The students are still in the very early stages of developing their automated system. The most sophisticated equipment at Clay Hill so far is a weather station that collects temperature, humidity and rainfall data. The students hope the data will allow an automated irrigation system to determine an ideal watering rate one day, when Clay Hill has a water source that doesn’t involve wheels. But Collins needs a solution faster.
He started working with the students of BLUElab Metro in May 2024, after they were connected through U-M’s Edward Ginsberg Center. The team wanted a local partner, with whom they could develop a lasting relationship and collaborate to improve their community.
“I personally have a strong belief in the power of local change,” said Marina Campoy-Lovasco, a sophomore in civil engineering and one of the project leads. “By changing your local environment, you can incrementally change the world.”

The team had several candidates, but they were drawn to Collins’s love of teaching his community about farming and gardening. He first got a taste when his neighbors in the Sycamore Meadows apartment complex followed his lead in planting small plots at the complex. Collins says he eventually had to leave because he was one dollar over the income limit for housing assistance there. But the experience drove him to start his own non-profit, called Willow Run Acres, to keep spreading the joy and value of farming in his old neighborhood—Sycamore Meadows is across the street from the Clay Hill Community Farm. That’s why he’s chosen this particular plot, regardless of its challenges.
“I’ve never wanted to be a merchant; I wanted to focus on being an educator,” Collins said. “I’d rather teach somebody than sell to somebody because they can cherish that forever. You can get that dollar today and spend it today, and then it’s gone tomorrow.”

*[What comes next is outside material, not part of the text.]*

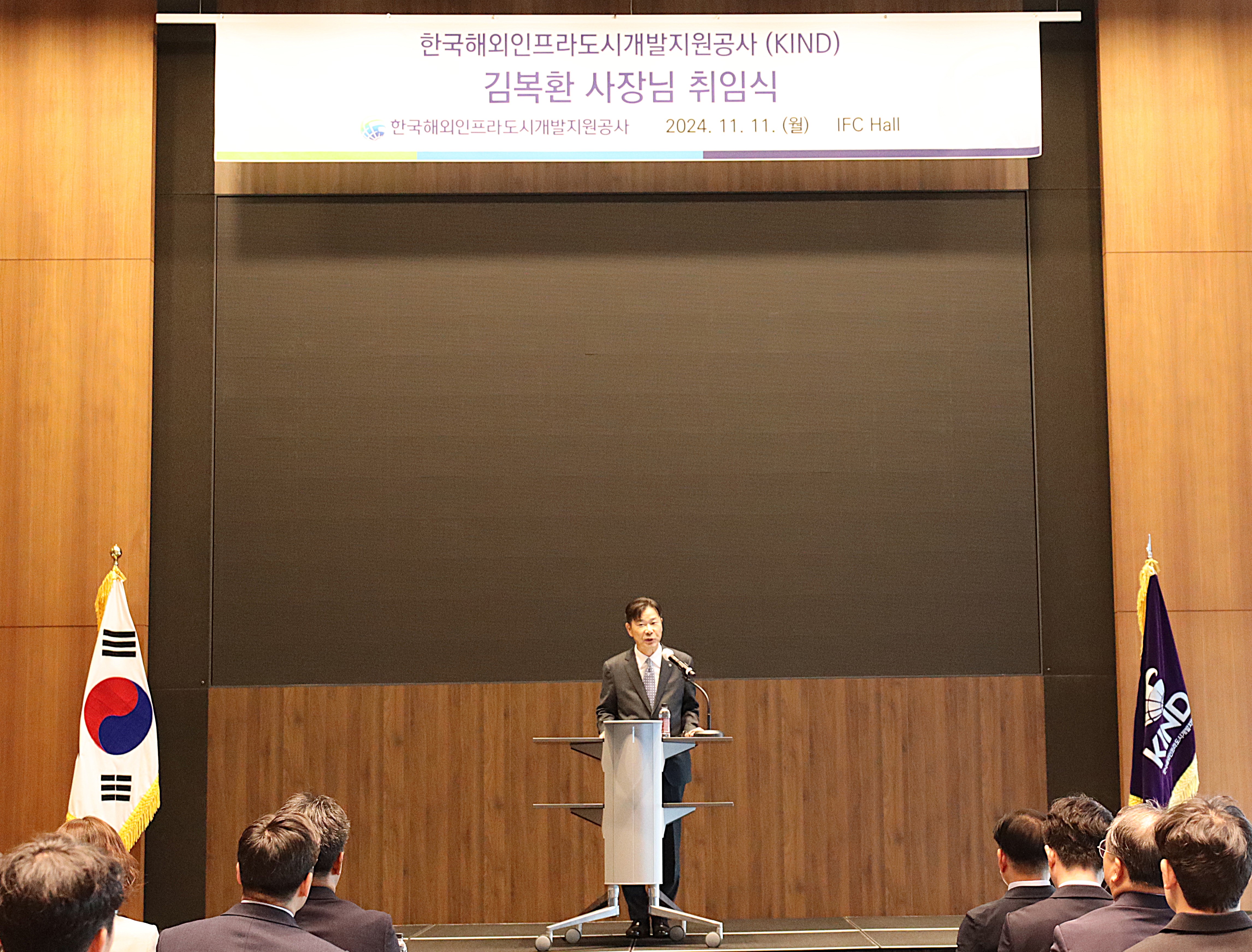 한국해외인프라도시개발지원공사(이하 KIND, 사장 김복환) 김복환3 신임 사장이 11공식 취임했다. 김복환 신임 사장은 이날 오후 열린 취임식을 통해 직원들과 첫 만남을 가졌다.

Walking with Collins in the thriving garden at Appleridge Park, he’s quick to point out all the varieties of collard greens, the medicinal benefits of comfrey, as well as the invasive growth habits of horseradish. He’s eager to hand out raspberries and ground cherries while he explains how to expand the patch with stem cuttings.
“TC ended up being a perfect partner,” said Dasanayaka, who was a co-lead of BLUElab Metro in 2024 and is now a member of the BLUElab Executive Board. “Our values lined up really well. We wanted to lean more into education, and TC’s passion is pretty much unmatched in my eyes.”
Learning to focus on the need

Finding a feasible solution came less quickly. The students had to learn to balance their ambition with Collins’s needs, their own capabilities and the community’s ability to maintain their solution in the future. Some initial designs were too grandiose, but programs from C-SED and regular meetings with Collins helped his team land on something that worked for everyone, Dasanayaka said.
“What makes BLUElab students stand out even further is that they don’t have a problem already defined,” said Steven Skerlos, a professor of mechanical engineering and civil and environmental engineering, who co-founded BLUElab and C-SED. “They have to partner to not just define the solution, but define the problem. There’s another level of initiative and leadership that allows these BLUElab students to really shine.”
This summer, the team prioritized connecting a basic irrigation system to his tote. BLUElab has already laid 500 feet of irrigation tubing at Clay Hill to help Collins, securing it down the length of several herb and vegetable beds with landscaping staples. They also placed rings of irrigation tubing around the base of each fruit tree in the farm’s orchard—around 130 in total. Each ring and line is connected to larger hoses that lead to a battery-powered, submersible pump, which pushes water from the tote through the irrigation system.
“We want to have a basic prototype down and fully tested for irrigation,” said Dasanayaka. “That way we can just keep building on it, and TC can have something of use.”